2019-09-13T16:17:24.629Z


The London Stock Exchange has turned down a $ 39 billion takeover bid from the Hong Kong Stock Exchange and has chosen to stick to the planned acquisition of Refinitive Data and Analysis Group.

The rejection comes after unsuccessful attempts to merge the London Stock Exchange and the German Stock Exchange against the backdrop of the European Commission's rejection.

The London Stock Exchange told the Hong Kong Stock Exchange and clearing company in a letter that it had fundamental concerns about key elements of the offer, and that the company's relationship with the Hong Kong government would "complicate matters," Reuters reported.

"Accordingly, the Council unanimously rejects the conditional offer and, given its fundamental shortcomings, sees no advantage in further engagement," it said in a statement.
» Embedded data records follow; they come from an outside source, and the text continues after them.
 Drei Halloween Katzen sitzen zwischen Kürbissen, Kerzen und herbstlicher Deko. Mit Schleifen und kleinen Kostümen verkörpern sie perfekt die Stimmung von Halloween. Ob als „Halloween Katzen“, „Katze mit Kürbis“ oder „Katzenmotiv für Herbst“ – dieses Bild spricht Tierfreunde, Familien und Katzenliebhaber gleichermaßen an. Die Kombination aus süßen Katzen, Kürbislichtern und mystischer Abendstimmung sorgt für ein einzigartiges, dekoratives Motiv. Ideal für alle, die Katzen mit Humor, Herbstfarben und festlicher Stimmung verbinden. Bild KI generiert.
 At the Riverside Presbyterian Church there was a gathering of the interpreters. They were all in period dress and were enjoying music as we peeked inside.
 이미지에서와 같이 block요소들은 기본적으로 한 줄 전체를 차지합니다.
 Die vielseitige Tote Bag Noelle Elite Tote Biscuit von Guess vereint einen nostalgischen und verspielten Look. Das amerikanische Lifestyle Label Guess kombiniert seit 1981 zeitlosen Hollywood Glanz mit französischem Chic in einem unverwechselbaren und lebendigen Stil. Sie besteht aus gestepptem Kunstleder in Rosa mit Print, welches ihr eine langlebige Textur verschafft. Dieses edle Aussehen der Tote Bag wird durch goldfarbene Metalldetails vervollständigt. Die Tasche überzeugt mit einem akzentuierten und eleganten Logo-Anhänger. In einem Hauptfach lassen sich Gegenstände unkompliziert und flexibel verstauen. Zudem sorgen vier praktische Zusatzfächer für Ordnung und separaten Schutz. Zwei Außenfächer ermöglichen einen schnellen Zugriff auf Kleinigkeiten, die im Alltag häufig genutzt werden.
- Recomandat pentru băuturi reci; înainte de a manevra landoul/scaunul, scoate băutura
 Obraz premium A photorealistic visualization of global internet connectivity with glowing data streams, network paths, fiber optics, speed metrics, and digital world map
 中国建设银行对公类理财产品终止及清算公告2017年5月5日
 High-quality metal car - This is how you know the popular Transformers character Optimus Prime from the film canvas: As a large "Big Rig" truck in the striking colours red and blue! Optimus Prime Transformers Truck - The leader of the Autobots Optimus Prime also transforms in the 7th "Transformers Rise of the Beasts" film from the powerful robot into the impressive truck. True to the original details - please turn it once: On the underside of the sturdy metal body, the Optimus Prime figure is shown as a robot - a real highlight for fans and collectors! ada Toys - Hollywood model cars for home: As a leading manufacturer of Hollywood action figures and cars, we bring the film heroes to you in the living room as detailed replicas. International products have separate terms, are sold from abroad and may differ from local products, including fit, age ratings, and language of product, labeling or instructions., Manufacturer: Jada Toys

London shares rose 1.3 percent to 7,352 pence after the statement.

The Hong Kong Stock Exchange and Clearing House made its surprise offer on Wednesday, just two days after officials traveled to London to bid for the acquisition of London Stock Exchange chief executive David Schwimmer for the first time.

The Asian offer would have required the London Stock Exchange not to merge with UK-based financial and information firm Refinitiv.

The London Stock Exchange announced in early August its intention to acquire Refinitiv for $ 27 billion from Thomson Reuters and Blackstone Group.

The offer has received a lukewarm reception from shareholders so far, although analysts expect the Asian bourse to return with an improved offer and may be headed for a hostile takeover, meaning it will go directly to the shareholders on the London Stock Exchange.

Fears
In its letter, the London Stock Exchange said the Hong Kong Stock Exchange's clearing that the deal would be swift and confirmed was "simply not credible."

The London Stock Exchange and its advisers had a wide range of concerns, including the possibility of China's potential impact on the Hong Kong stock exchange, and the possibility of the deal facing formal objections from Britain and the United States, Bloomberg reported yesterday.

One of the important challenges facing the Hong Kong bourse is reportedly getting support from the British government, which has already shown some caution about the takeover by a foreign observer with close ties to China, which could pave the way for the LSE to pass to the Chinese government.

Because the offer of the Hong Kong Stock Exchange and Clearing House relies heavily on stock swaps, it will increase its exposure to the fallout from the current political turmoil in Hong Kong.

The Asian offer was also challenged by shareholders on the London Stock Exchange, with Jupiter Asset Management and Aberdeen Standard Investments saying they preferred the proposed merger between the British exchange and Refinitiv.

The Hong Kong Stock Exchange is the fourth largest financial market in the world in terms of trading volume, while the London Stock Exchange manages the largest financial market in Europe.

The German stock market has also failed to take over the London Stock Exchange three times in recent years, where it faced opposition from politicians and regulators, amid fears of monopoly.